Grande parte das viagens espirituais do nosso tempo acontecem em idas à padaria. Em uma dessas, a garota viu uma típica família vestida para ir à igreja. Todos arrumadinhos, a criança no meio do pai e da mãe, comportada, já de acordo com aquele rito semanal. Essa imagem trouxe uma enchente de pensamentos para a menina. Naquela simples volta pra casa com uma sacola de pães, surgiram 12 linhas temporais. Cada uma com seu próprio grupo de decisões tomadas pela garota. Nesta que estamos agora pouca coisa mudou. Ela ficou deprimida. Lembrou de como achava esses costumes familiares reconfortantes. Era bonito, seguro, esperançoso. Ali, naquela cena, cada membro da família era perfeito e rumava para um futuro brilhante. Na pequena fagulha gerada pelos neurônios da menina ao imaginar como seria a convivência dos três não existia traição, vergonha, desconfiança, medo, punição. Somente a ida a igreja. As roupas impecáveis. Os sorrinhos acompanhando.
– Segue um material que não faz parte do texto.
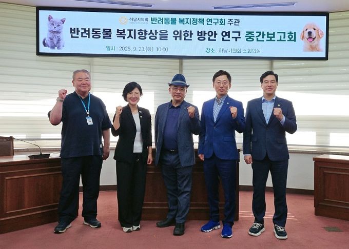 【뉴스라이트 = 김정민 기자】 하남시의회 의원연구단체 ‘반려동물 복지정책 연구회’는 23일 오전 10시 의회 소회의실에서 연구용역 중간보고회를 개최했다.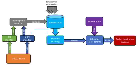 Figure 2 shows the overall architecture of the system. There are three main domains: the device, which contains the sample collection modules; the server, which runs the ML algorithm and stores a dataset with solved trained cases; and the MN, which contains the estimator. The device needs to receive URLLC messages, and therefore KPIs and S-KPI are forwarded to the server, which runs the ML algorithm and is located at the network edge with computational resources and access to a non-restrictive power source.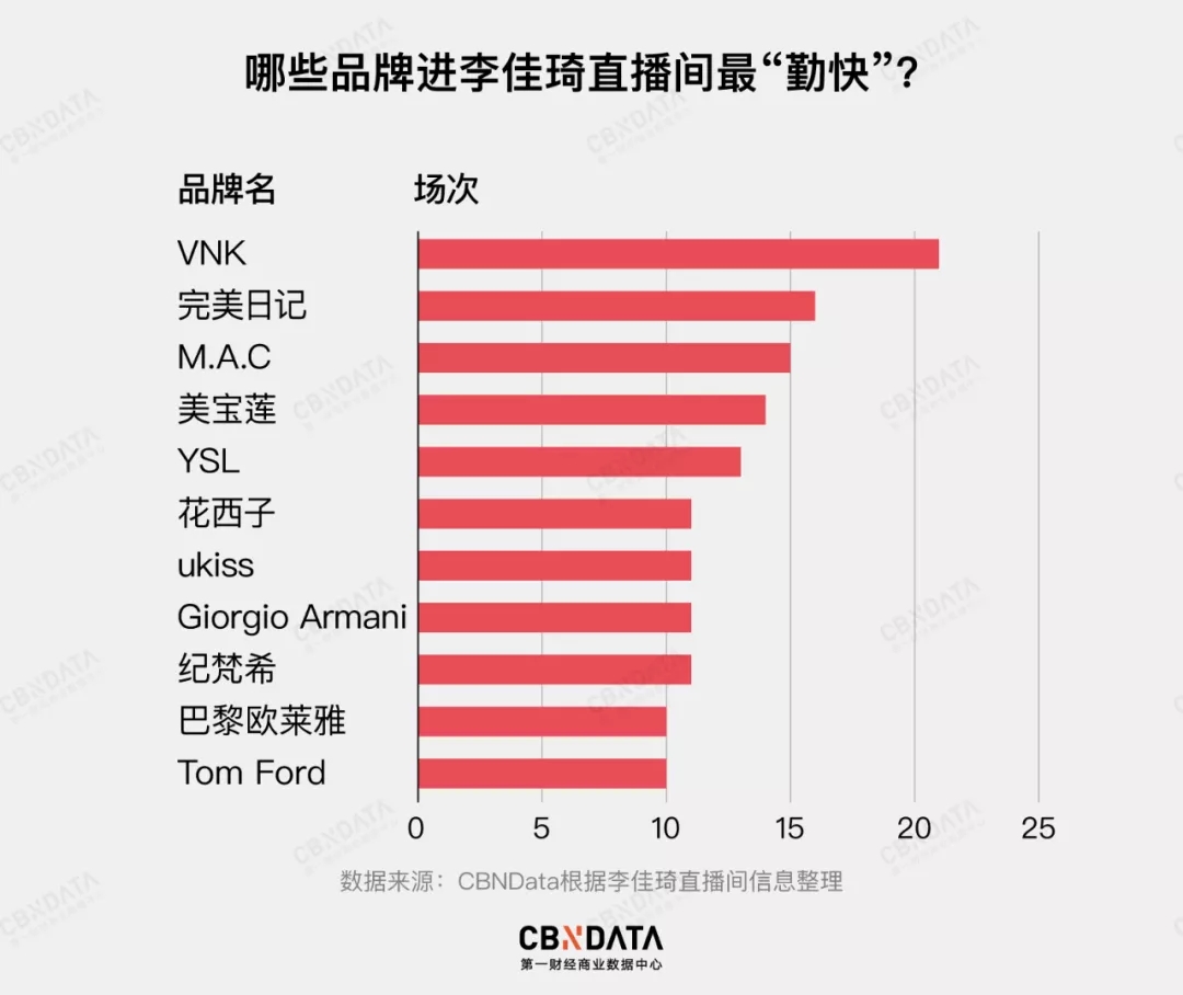 这样的“颜色相投”,也使得国货口红成为了李佳琦直播间的常客。据CBNData统计,在李佳琦直播合作过的美妆品牌中,前两席VNK和完美日记均是国货彩妆品牌。不过,知名国际彩妆品牌M.A.C、美宝莲等也是直播间常客。

Essas cenas sempre a pegavam de jeito. Outro dia viu um homem bater sua moto e derrubar o que parecia ser uma mochila de criança, com enfeites rosas. Ele deu seu telefone ao motorista do carro em qual tinha batido e implorou para poder buscar sua filha em casa e levá-la na escola. A cena foi tão forte que a garota lacrimejou. Nem tanto pelo senhor, mas por imaginar as vidas das pessoas. Assim, depois desses eventos era inevitável pensar no que levou o homem a se preocupar tanto com a educação da filha. As ramificações iam surgindo. Porque ele tinha uma moto? Porque tinha que levar a mochila? Porque estava com pressa? E deduzir isso tudo era um hobby divertido, num primeiro momento. Até ela ser atingida pela conclusão fatídica de que sua chance de se enrolar nesse tipo de evento familiar era bem pequena. Seja tendo uma moto. Seja indo à igreja.
Nessa linha temporal, a garota abandonou suas expectativas de envolvimento com outras pessoas. Por diversos fatores, mas um em especial: ela não aguentava mais pensar sobre todas as possibilidades que teria com seu parceiro. Vejam só, já é estupefante tomar decisões por si só. Imagine fazer isso para duas pessoas, e pior, que se relacionam. Ou seja, o relacionamento é um conjunto de decisões, afetadas umas pelas outras, formando um novo grupo mutante. Nada seria tão simples. “E se eu não comprasse pão, e resolvesse surpreendê-lo com um bolo? Isso poderia ser responsável pela sua futura mudança de atitude, já quando não estivesse mais comigo, e comesse um bolo, lembrando de mim, e voltando para tentar me reconquistar.” Esse tipo de coisa. Confuso não? Imagine elevado as centenas.
Não, ela viveria sozinha, comprando pão pra ela mesma, nunca bolos, ou brioches. Mas vez ou outra caía na tentação de imaginar as reviravoltas do destino pra uma pequena família indo a igreja. Dava a desculpa de que foi escolha do universo.